MELANCOLICO∠メランコリコ!

ゆめと心理と占いのはなし
Por donde, amor, he de ir?
 Rosalia de Castro

panenka

2013-06-22 01:49:52 | El mundo de futbol
「勇気と約束があれば…」ということば唐十郎の『少女都市』の中のセリフの一節だ。何が起こるかわからない世界に旅立つとき、その向こうにある目的に到達できるかどうか全く視界ゼロであるとき、第一歩を踏み出す力は、自分の勇気と自分への約束。

 スポーツの試合を観ていると、ときどきこの言葉を思い出す。5月のチャンピオンズリーグ準決勝で優勝候補の筆頭に挙げられていたレアル・マドリードとバルセロナを倒したドイツのドルトムントとバイエルン・ミュンヘンの戦略は、誰もが後半はバテるだろうと見た高い位置からの速く強いプレッシングだった。つまりパスサッカーを封じるために、パスを出させない作戦とったわけだが、これには相当な運動量が求められる。たぶんドイツの選手たちはそれが最も効果が期待できる戦術だと信じ、最後までプレッシングし続けるという勇気と約束をモチベーションにしてひたすら練習に励んだのだろう。

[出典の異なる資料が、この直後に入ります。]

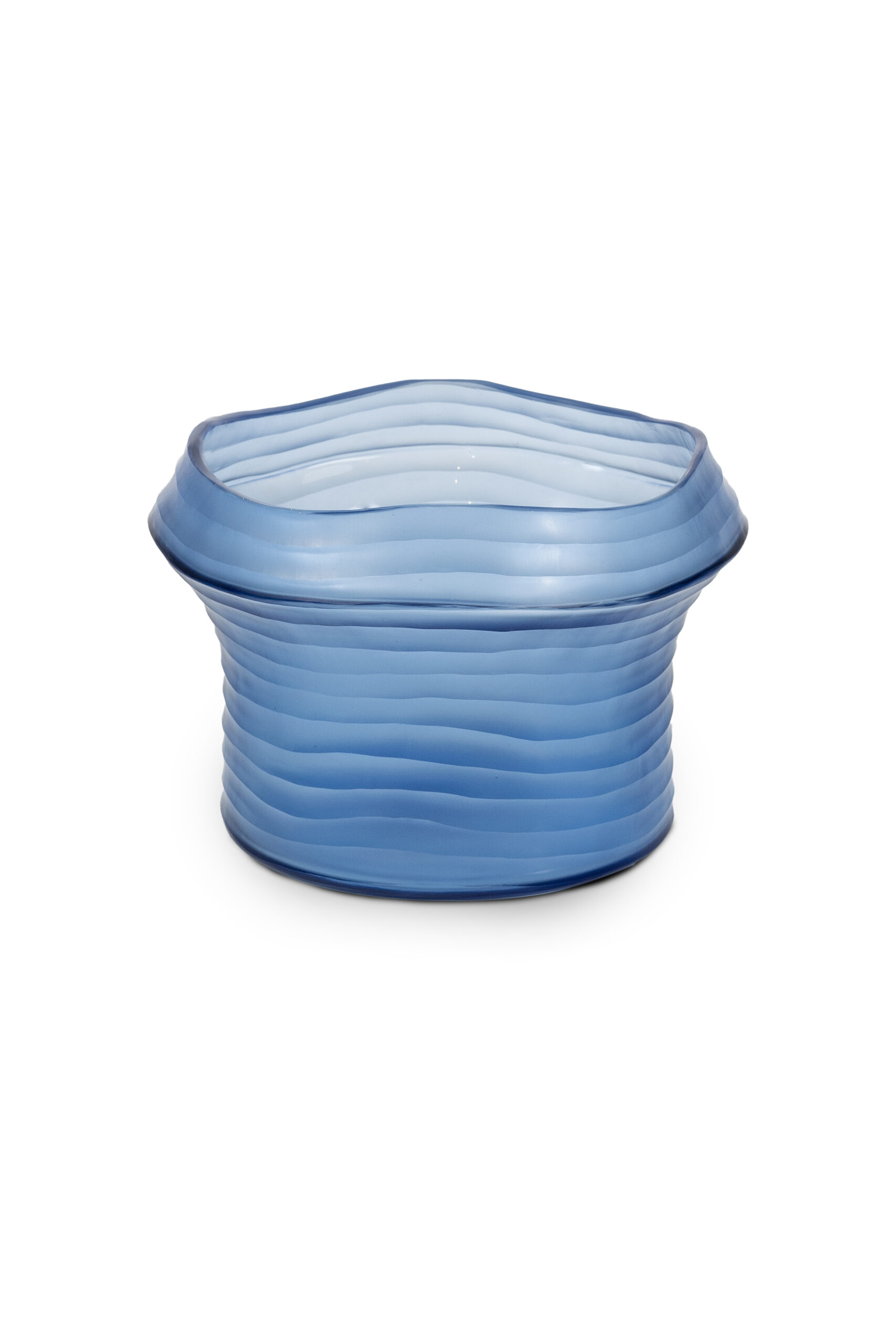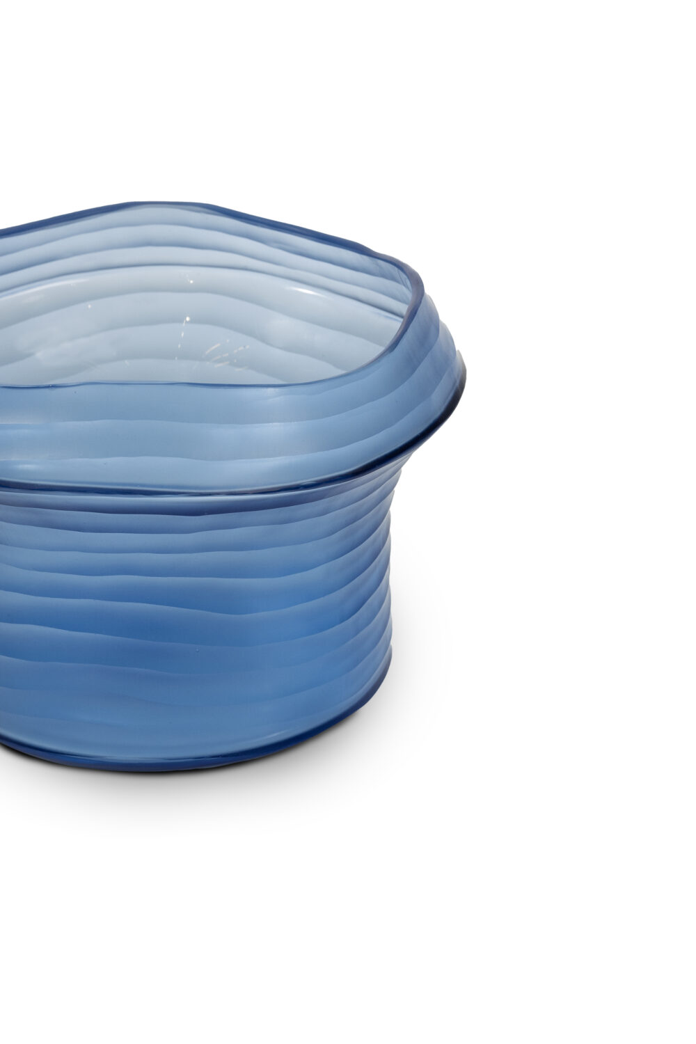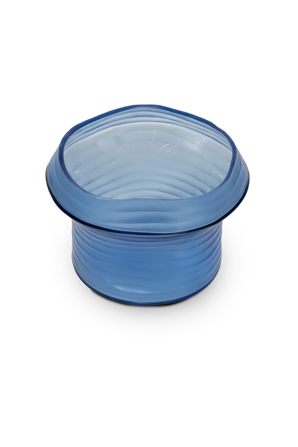 مزهرية زجاجية مزخرفة باللون الأزرق الداكن
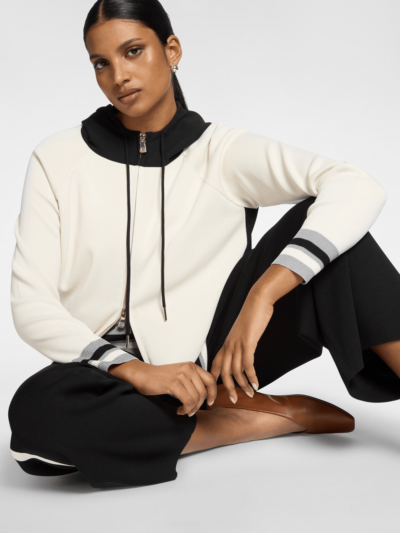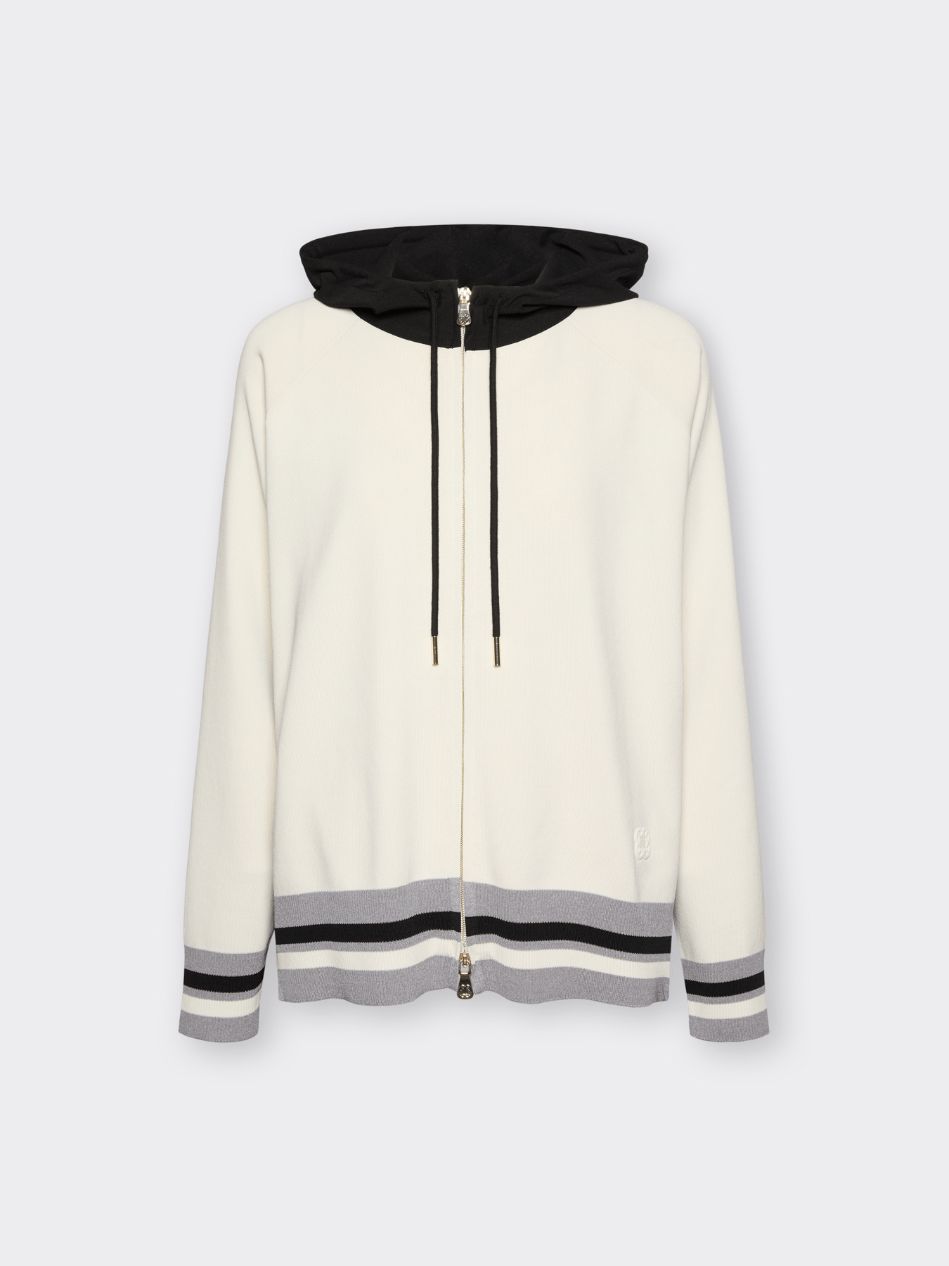Cardigan in misto viscosa con cappuccio e zip frontale, arricchito da dettagli rigati sui bordi e polsini. La linea comoda si adatta al tempo libero e alle occasioni informali. Versatile con jeans o pantalone coordinato, ideale per uno stile sporty chic.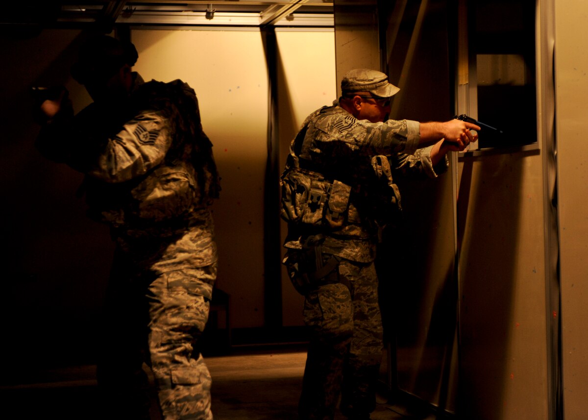 Tyrone Lee, Sturgis Police Department patrol officer, prepares to move during a shoot-house competition at Ellsworth Air Force Base, S.D., May 12, 2015. As part of Police Week, the competition promoted camaraderie between military and local law enforcement agencies, and was one of a variety of events to include a retreat ceremony, weapons and vehicles display and a softball tournament, all of which took place May 11 - 16. (U.S. Air Force photo by Senior Airman Anania Tekurio/Released)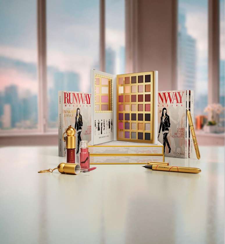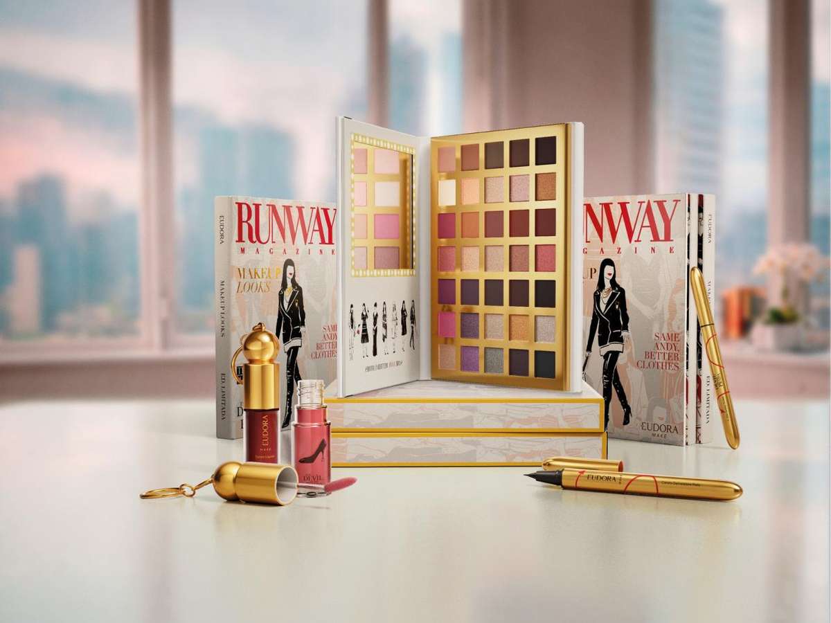 A Palette Runway Magazine reúne 35 sombras em acabamentos acetinado, matte, superbrilho e cremoso, permitindo criar desde produções clássicas até looks mais ousados. Além disso, o Batom Líquido Fashion Icon chega em quatro tonalidades: vermelho, vinho, marrom e nude, com acabamento cremoso e embalagem que se transforma em charm para usar na bolsa.
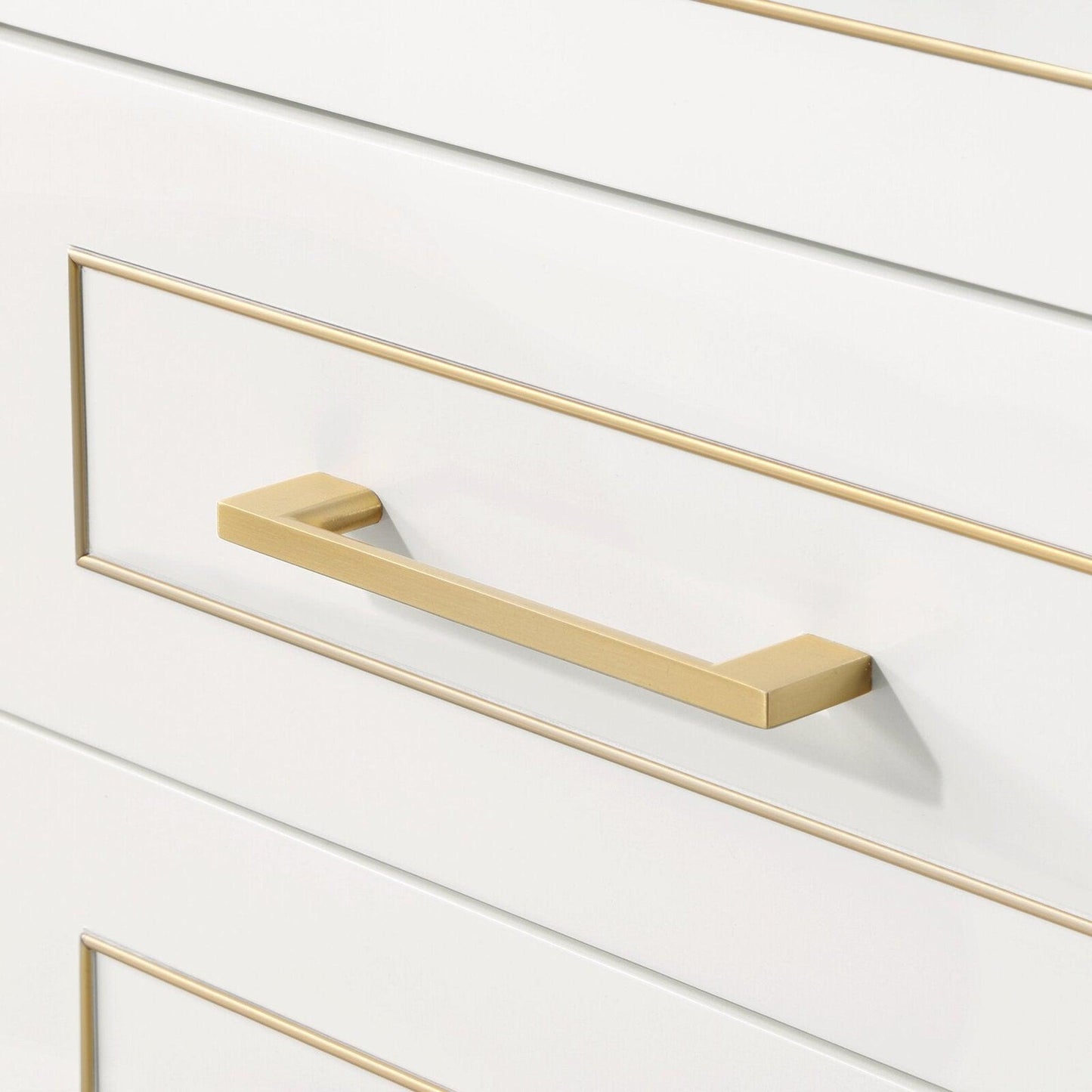 Inlaid Satin Brass and Brushed Nickel and matching door pulls combined with a 5-step soft-touch lacquer finish in Midnight Black, Pacific Blue or Satin White to radiate understated glamour.

 この戦術はダッシュが0.1秒遅れれば効果は半減する。そして続ける体力がなくなればそれで終わりだ。ある意味、逆境を力にした戦術だった。1976年の欧州選手権で、優勝経験がない東欧のチェコスロバキアが強豪西ドイツとの決勝戦に臨み、2-2のスコアのままPK戦にもつれこんだ。ドイツの第4キッカーが外したあと、これを決めたら優勝だというチェコスロバキアの第5キッカーだったアントニーン・パネンカはボールの斜め左から走りはじめ、強いキックを打つ動作のままチップキックで放物線を描く軌道のシュートを放ち、左に飛んだGKをあざ笑うかのようにネットのど真ん中を揺らした。もしGKが動かなければ、GKは楽々と顔の前でキャッチできたPKだった。このPKは、キッカーの勇気と約束が可能としたものだった。その後、こうしたPKのことをパネンカと呼ぶようになった。

 人が、若くても、年寄りでも、何か新しいものに挑戦するとき、または困難に遭遇してそれを越えようともがくとき、最後に力とできるものは勇気と約束? 諦めないこと、続けること、そして自分を信じることが、サポートを呼び寄せ、トンネルの向こうに一筋の光を見つけさせる。